Why not reuse all that work to help load test the server? The scaffolding, client hooks, and test cases?

One of my favorite ways of doing this is to have a test driver that picks random test cases and throws them at the server as fast as possible. Even if the test case involves sleeping or waiting for something like the character walking across some area of the game, if you run enough of them at the same time, you can generate significant load. And it is going to be more realistic than any other kind of test prior to having zillions of real players. It also saves you from having to reproduce the protocol and behavior of the real client and maintain it as the game team evolves everything.

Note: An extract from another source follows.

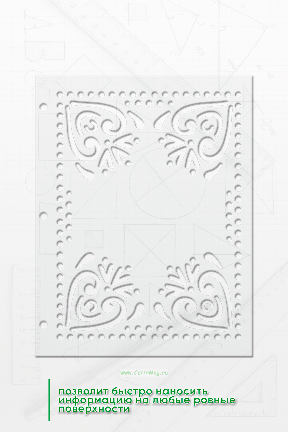 Трафарет позволит быстро наносить информацию на любые ровные поверхности. Прочный и упругий материал позволяет пользоваться трафаретом много раз.

Why not? Even if you take the time to make a headless version of the client, it is probably going to be so resource heavy that you will have trouble finding enough machinery to really ramp up. Most games are designed to tick as fast as possible to give the best framerate, but a headless client doesn't draw, so that is a waste of CPU. Some games rely on the timing intrinsic in animations to control walk speed or action/reaction times for interactions. But you want to strip out as much content as possible to save memory. Clearly there is a bunch of work needed to reduce the footprint of even a headless client. But they really are useful.

One thing you can do to make them more useful is construct a mini server cluster and see how it stands up to as many clients as you can scavenge.

You can get hold of more hardware than you might think by "borrowing" it at night from the corporate pool of workstations. You will need permission, and you will want a fool proof packaging so your clients can be installed (and auto-updated) without manual intervention or a sophisticated user. There is nothing like a robot army to bring your server to its knees. IT doesn't like this idea very much because they like to use night time network bandwidth for doing backup and stuff.

Another important trick is to observe the *slope* of performance changes relative to the change in load you throw at the server. If the marginal effect (incremental server load divided by incremental client load) is > 1 you have a problem. Some people call this non-linear or non-scalable performance. Although, to be technical, it is non-unitary. Non-linear means it is even worse that y = a*x + b. E.g. polynomial (x^2), or exponential (y = a^x). Generally you can find the low hanging fruit pretty easily. If the first 500 connected clients caused a memory increase of 100 MB, but the second 500 caused consumed 200 MB you have a problem. Obviously this applies to CPU, bandwidth and latency. And don't forget to observe DB latency as you crank up both the number of clients and the amount of data already in the DB. You may have forgotten an index.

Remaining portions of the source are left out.